引用本文: 舒在习,陈一帆,张威,等. 储藏条件与优质籼稻品质变化关系的研究[J]. 食品工业科技,2022,43(19):393−400. doi: 10.13386/j.issn1002-0306.2022010155.
SHU Zaixi, CHEN Yifan, ZHANG Wei, et al. Study on the Relationship between Storage Conditions and Quality Changes of High-quality Indica Rice[J]. Science and Technology of Food Industry, 2022, 43(19): 393−400. (in Chinese with English abstract). doi: 10.13386/j.issn1002-0306.2022010155.
Citation: SHU Zaixi, CHEN Yifan, ZHANG Wei, et al. Study on the Relationship between Storage Conditions and Quality Changes of High-quality Indica Rice[J]. Science and Technology of Food Industry, 2022, 43(19): 393−400. (in Chinese with English abstract). doi: 10.13386/j.issn1002-0306.2022010155.

储藏条件与优质籼稻品质变化关系的研究

Study on the Relationship between Storage Conditions and Quality Changes of High-quality Indica Rice

  • 摘要: 为探究储藏条件与优质籼稻品质变化的关系,将优质籼稻“丰优22”样品在4种储藏温度(15、20、25和30 ℃)、3种水分含量(13.5%、14.5%和15.5%)和2种气体成分(氮气、空气)条件下模拟储藏360 d,定期测定其黄粒米含量、发芽率、电导率、α-淀粉酶活性、脂肪酸值、胶稠度、直链淀粉含量、米汤固形物、碘蓝值和米饭硬度、米饭黏度、米饭平衡度、米饭弹性、外观评分、口感评分、综合评分等指标。结果表明,储藏温度越高、水分含量越大,品质变化越明显;在储藏温度、水分含量相同的情况下,氮气储藏具有延缓品质变化的作用。采用主成分分析法对16个指标进行分析,通过降维得到5个累积贡献率达到81.055%的主成分因子,对各主成分中正特征值较大的指标进行筛选,获得发芽率、电导率、碘蓝值和直链淀粉含量等具有代表性的品质特征指标。
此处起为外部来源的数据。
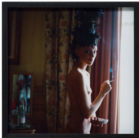
Chanel Story, Stern, 1996
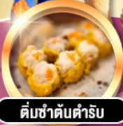
ติ่มซำต้นตำรับ
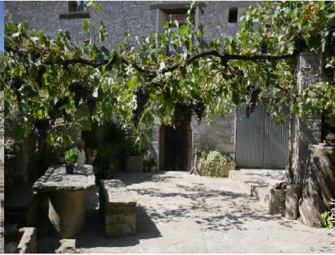
Maison de Village

将4个特征指标与储藏温度、水分含量、气体成分进行相关性分析,发现储藏温度对优质籼稻特征指标影响最大,水分含量影响次之,气体成分影响最小。

     

    Abstract: In order to explore the relationship between storage conditions and the quality changes of high-quality indica rice, the high-quality indica rice “Fengyou 22” samples were stored at 4 storage temperatures (15, 20, 25 and 30 ℃) and 3 moisture contents (13.5%, 14.5% and 15.5%) and 2 gas composition (modified atmosphere with nitrogen, non-modified atmosphere) simulated storage for 360 d, and the yellow rice content, germination rate, electrical conductivity, α-amylase activity, fatty acid value, gel consistency, straight chain starch content, rice soup solids, iodine blue value and rice hardness, rice viscosity, rice balance, rice elasticity, appearance score, taste score, comprehensive score and other indicators were regularly determined. The results showed that the higher the storage temperature and the higher the moisture content, the more obvious the quality changed; under the same condition of storage temperature and moisture content, nitrogen storage had the effect of delaying the quality change. The principal component analysis method was used to analyze the 16 indicators, and 5 principal component factors with a cumulative contribution rate of 81.055% were obtained through dimensionality reduction. Representative quality indicators were chosen from the indicators with larger positive eigenvalues in each principal component, which were germination rate, electrical conductivity, iodine blue value and amylose content. The correlation analysis of the four characteristic indexes with storage temperature, moisture content and gas composition showed that storage temperature had the greatest influence on the characteristic indexes of high-quality indica rice, followed by moisture content then gas composition.